I took a minute to think and told them that this wouldn't work. I told them that they had lost trust in their chief network engineer and that they had no choice but to replace him. Disciplining him and then putting him back on the network was just asking for trouble, I told them.
To their credit, they listened to me, and so instead of sitting in on a disciplinary meeting I assisted them in prepping to change all his passwords while he was in a dismissal meeting (to avoid just such a problem as we see in this article.)
That's when the fun began. It turned out that he had set up a hot backup of all the primary systems. Over T1 lines. To his apartment. He had half a dozen primary backup servers in his apartment.
So that involved a lot of effort and negotiation but he cooperated and we pulled all those systems back and finally wrapped things up with him, or so I thought.
About six months later the bank calls me again - they think they have a hacker. The systems are suffering all these weird errors, especially mid-day. I'd seen behavior like this before and figured it was a problem in network communications. Finally I figured out the problem...

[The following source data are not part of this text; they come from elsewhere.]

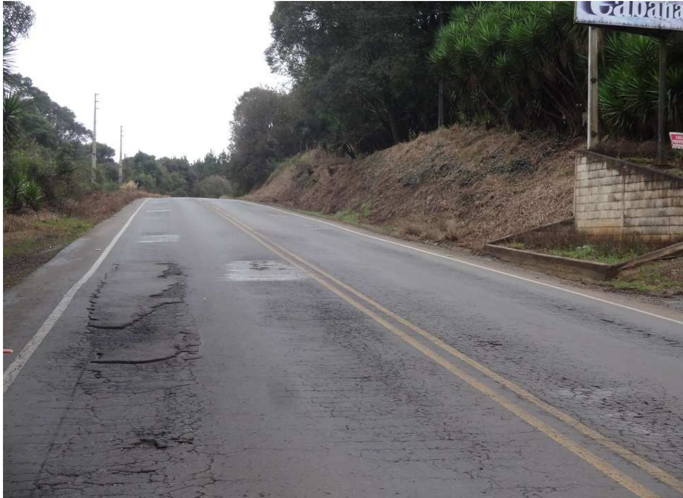
Km 116,3 – Recalques e buracos no pavimento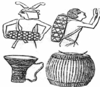
የእሱራውያን ክበሮ፣ በጠፍርና በቆዳ የተጠፈረና የተጠፈዘ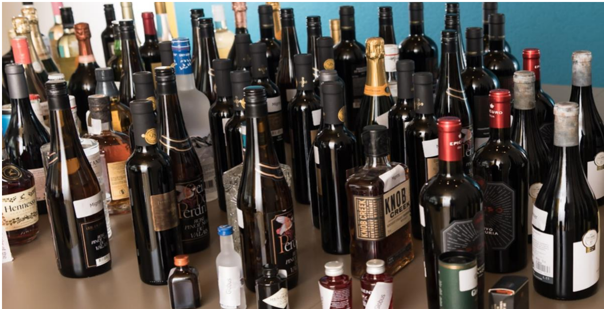
"Alles jederzeit zu kriegen!" – Bild der Lieferungen an Jugendliche, BKZH-Testkäufe 2022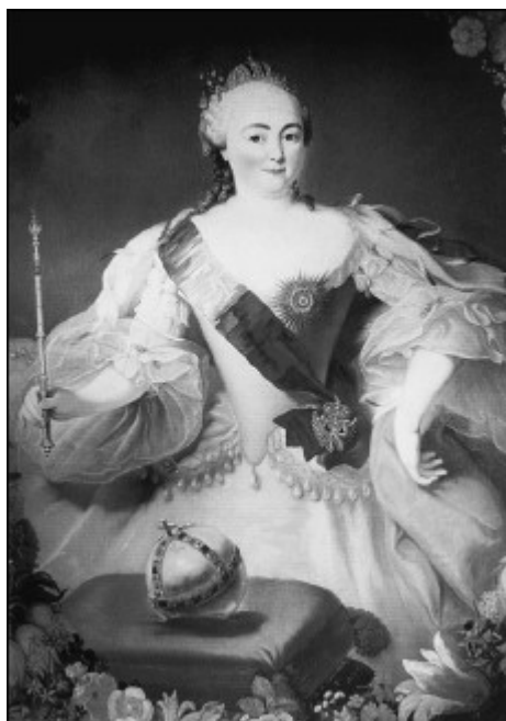
Императрица Елизавета Петровна. Фрагмент. Художник К.Г. Преннер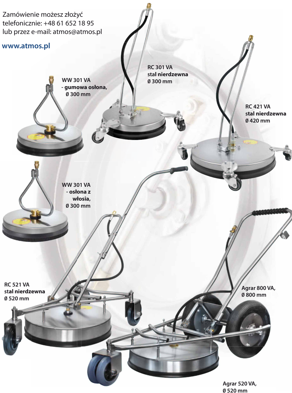
WW 301 VA - gumowa osłona, Ø 300 mm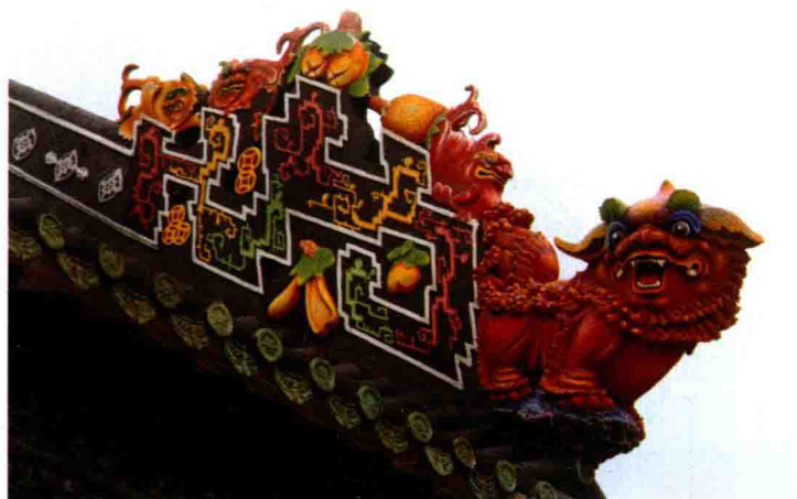
首进中路南面垂脊

独角狮是岭南建筑独有的建筑装饰物。它一般装饰于山墙垂脊前沿上，全身朱红色，独角，状若凌空而下，气势雄伟。这种独角狮造型是根据佛山民间传说而来的。传说明代初年，佛山地区出现一头怪兽，吞食禽畜，毁坏农田，给村民带来严重灾害，后来人们想出“以怪治怪”的方法，请艺人用竹篾扎成一只形状怪异凶猛的独角狮，当怪兽出现的时候，村民便敲锣打鼓，燃放鞭炮，舞动独角狮朝怪兽冲去，果然把怪兽吓跑，从此百姓又过上了太平的日子，寓意辟邪保平安的瑞兽独角狮因而在民间建筑中广为应用。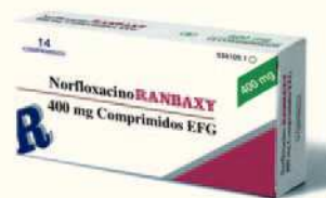
Presentación - Norfloxacin Ranbaxy EFG 400 mg. Envase de 14 comprimidos. CN 934109.1. 6,85 €.

L lega a las farmacias el nuevo Norfloxacino Ranbaxy EFG , indicado para el tratamiento de las infecciones del tracto urinario superior e inferior, incluyendo cistitis, pielitis, cistopielitis y pielonefritis, causadas por bacterias sensibles a este fármaco. Norfloxacino presenta un amplio espectro de actividad antibacteriana frente a gérmenes patógenos aerobios grampositivos y gramnegativos, actúa inhibiendo la síntesis bacteriana del ácido desoxirribonucleico y es bactericida.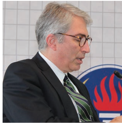
Ben 12 Eylül Orta Doğu Teknik Üniversitesi'nin Öğrenci Temsilcileri Konseyinin bir üyesiydim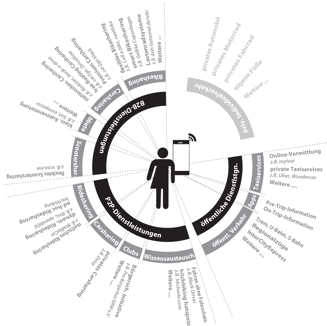
Abbildung 1: Multioptionalität im Internet der Mobilitätsdienstleistungen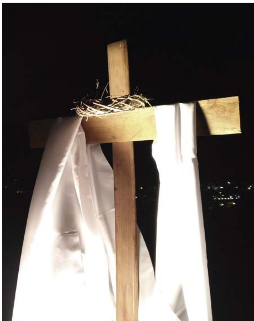
Al principio los discípulos no asumieron la resurrección.

Ciertamente, tenemos que pensar que los días que siguieron a la muerte de Jesús debieron ser agobiantes para todos. ¿Quién mantenía la esperanza en la resurrección prometida? Ni siquiera la palabra que las mujeres trajeron de parte de los ángeles presentes en el sepulcro les hizo creer: “No está aquí. Ha resucitado”. Y los ángeles les recordaron el anuncio de la muerte y la resurrección. Recién entonces, “las mujeres recordaron sus palabras”.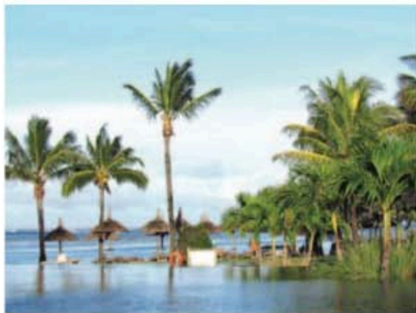
■ L'Awali Resort : un style africain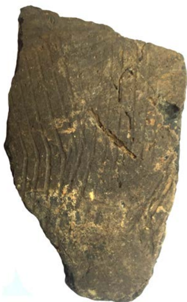
Abbildung 2: Fragment eines mit „Kammstrich“ verzierten Keramikgefäßes. (Urheber: Jan Linden, Erstellung: Torsten Rüniger)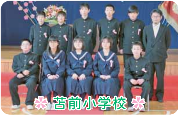
＊ 苫前小学校 ＊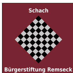
Logo: Gerald Winkler

Seine Schachkarriere begann er mit fünf Jahren. Zuhause hat er zufällig ein Schachbrett mit Figuren gefunden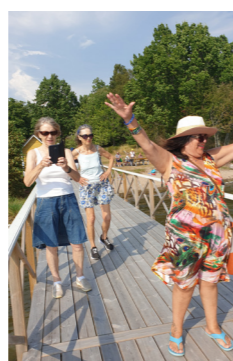
Sommarkolla med Träffpunkterna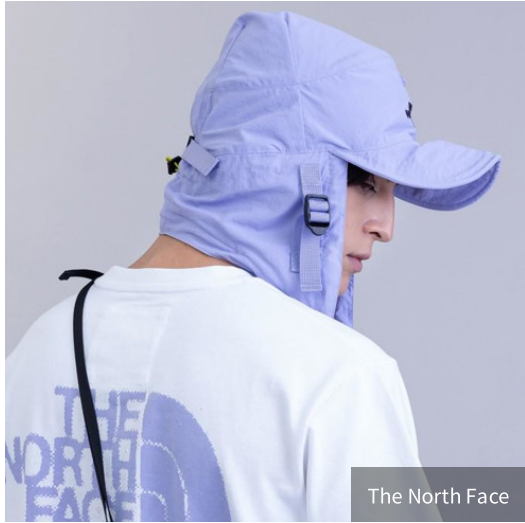
The North Face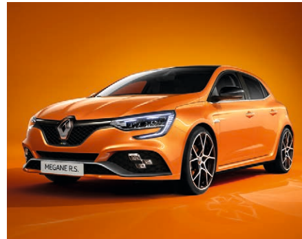
Pezsgő narancs (3)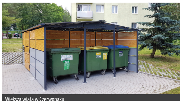
Większa wiata w Czerwonaku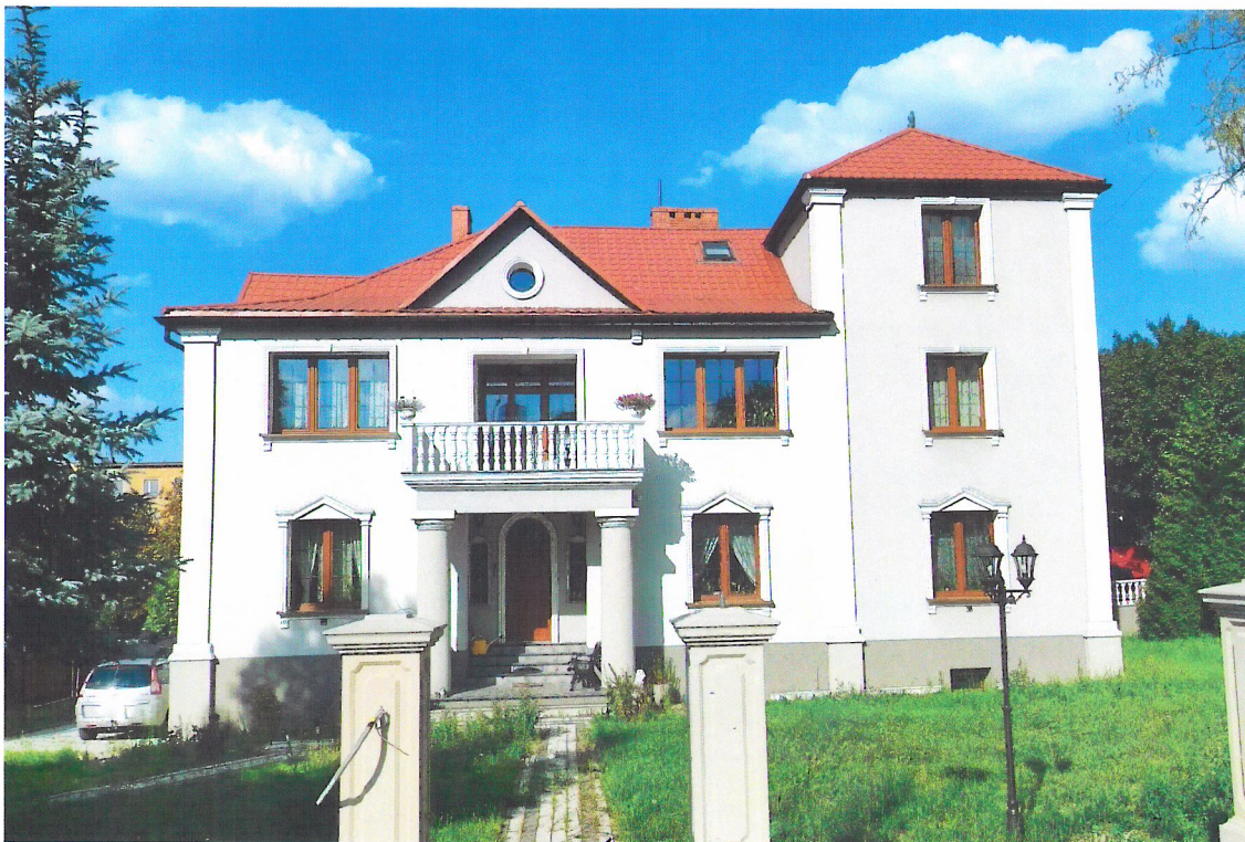
Widok budynku od południowego-zachodu

7. Fotografia z opisem wskazującym orientację w stosunku do sąsiednich terenów lub stron świata albo mapa z zaznaczonym stanowiskiem archeologicznym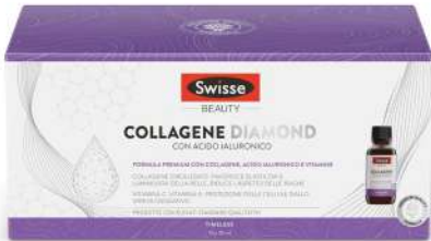
SWISSE COLLAGENE DIAMOND 10 flaconcini 30 ml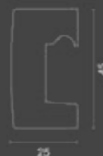
Profilo inferiore / Bottom profile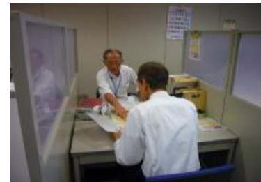
とよまシニア専門人材バンク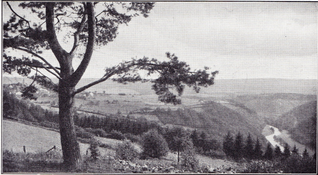
Algemeen zicht op de Amelvallei te Stoumont.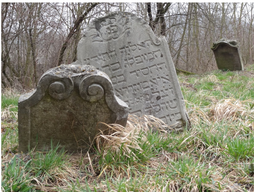
Náhrobky s bohatou volutovou výzdobou.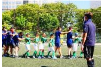
ブラインドサッカー体験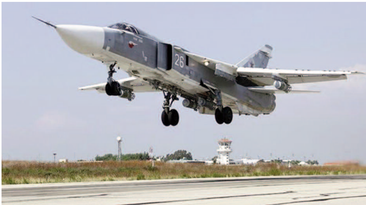
Stíhací bombardér Su-24.

Rusko ale jakoukoli vinu popírá. Stíhačka se podle Moskvy pohybovala kilometr jižně od hranice s Tureckem. „Jsou tam soustředění ozbrojenci, pocházející hlavně z Ruské federace,“ řekl Putin a okamžitě tuto akci označil za vážný incident, který může mít vliv na vztahy mezi Kremlem a Ankarou. Někteří poslanci dokonce volali po zrušení leteckého spojení obou zemí a akci nazývali teroristickým činem. Samotný turecký prezident Recep Erdoğan ale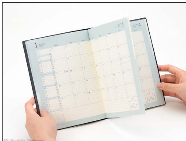
青のインデックスを押さえると青のページのみが開く

When we had dismissed the network engineer we had changed his passwords and done all that stuff. But what we HADN'T done was contacted the ISP and taken the engineer's name off the list of people authorized to make changes. And so six months after he was let go the network engineer had called up, voice, and asked the ISP engineers with whom he was familiar to have the bank's network bandwidth reduced to 56k. He didn't terminate it, that would have been noticed immediately. Instead, he reduced it to the minimum connection available while remaining in service.
The bank didn't take any action against him, but I added that note to my list of things to change when terminating trusted personnel.